*** Information provided Section Begins ***

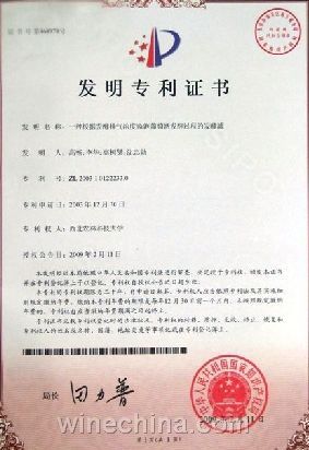 由西北农林科技大学葡萄酒学院高畅副教授、李华教授、高树贤教授、沈忠勋研究员发明的一种“根据发酵排气浓度监测葡萄酒发酵过程的发酵罐”获批国家发明专利,专利号为:ZL 2003 1 0122233 0。
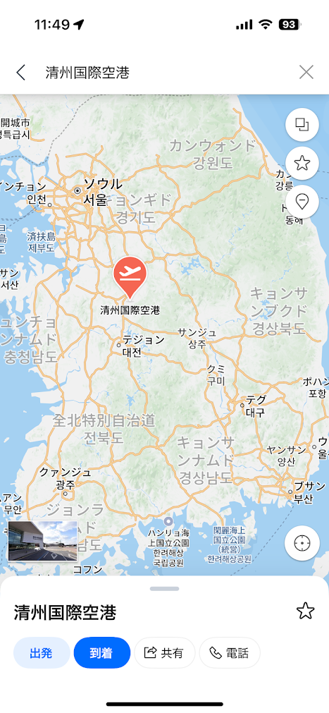 清州空港があり、日本各地へ直行便が出ています。清州空港から、ソウルまで高速バスが出ており、1時間半ほどでソウルまで行けるとのこと。
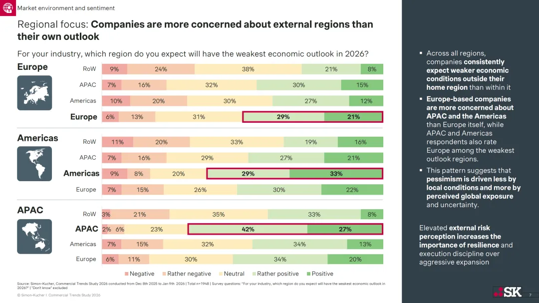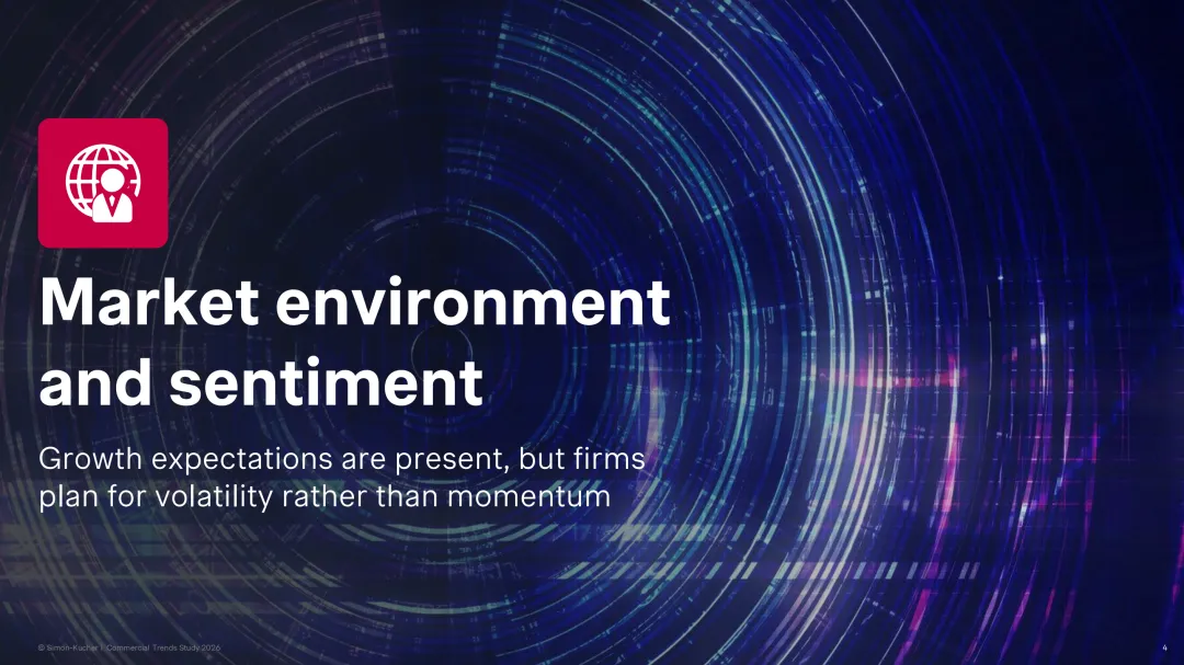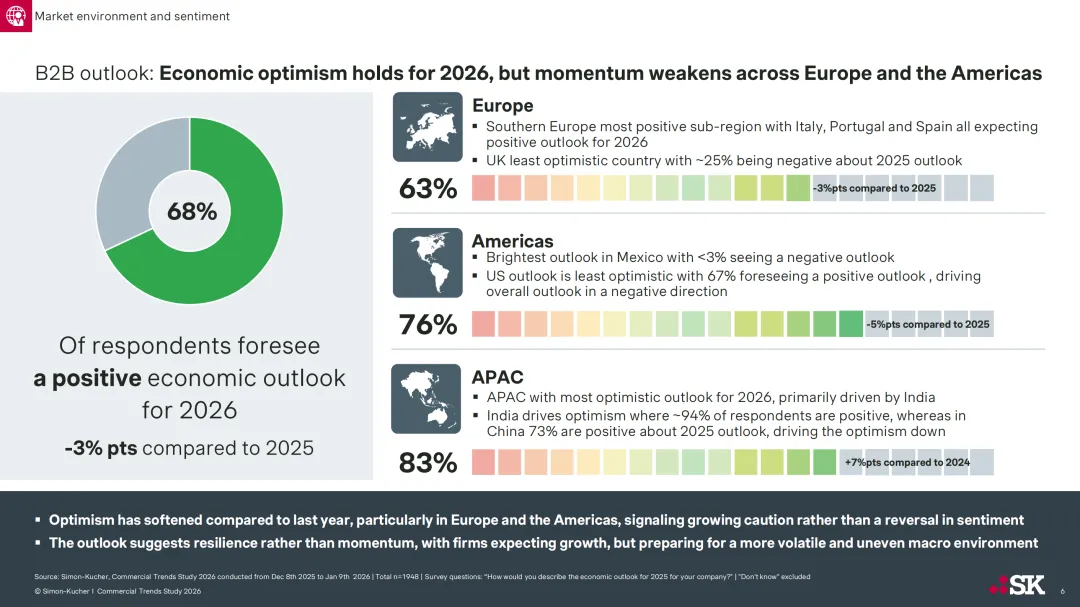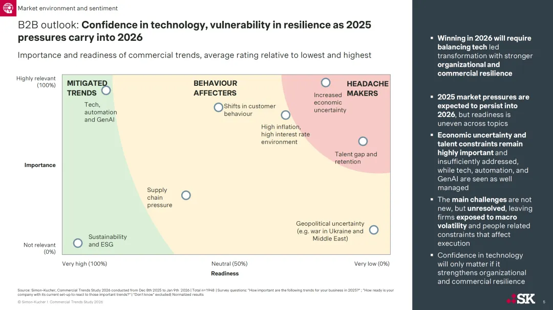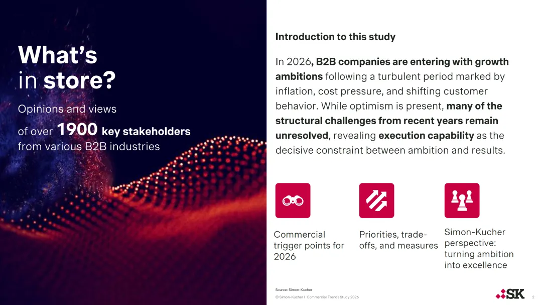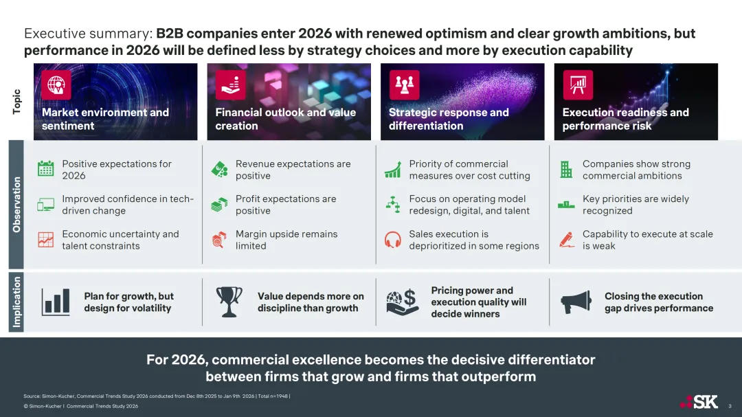 Simon-Kucher 于 2025 年 12 月至 2026 年 1 月对 1948 名 B2B 行业关键利益相关者开展调研,发布 2026 年商业趋势研究报告,指出 2026 年 B2B 企业虽怀揣增长雄心且整体预期乐观,但此前通胀、成本压力等结构性挑战仍未解决,企业执行力成为衔接增长目标与实际成果的核心制约因素,商业卓越性也成为企业增长与超额表现的关键差异化要素。

*** Information provided Section Ends ***

Task description:
Retyping is limited to the line with "清州空港があり、日本各地へ直" and the lines after it in the material above; give them exactly and leave out the pictures.

Answer to this problem:
 清州空港があり、日本各地へ直行便が出ています。清州空港から、ソウルまで高速バスが出ており、1時間半ほどでソウルまで行けるとのこと。
 Simon-Kucher 于 2025 年 12 月至 2026 年 1 月对 1948 名 B2B 行业关键利益相关者开展调研,发布 2026 年商业趋势研究报告,指出 2026 年 B2B 企业虽怀揣增长雄心且整体预期乐观,但此前通胀、成本压力等结构性挑战仍未解决,企业执行力成为衔接增长目标与实际成果的核心制约因素,商业卓越性也成为企业增长与超额表现的关键差异化要素。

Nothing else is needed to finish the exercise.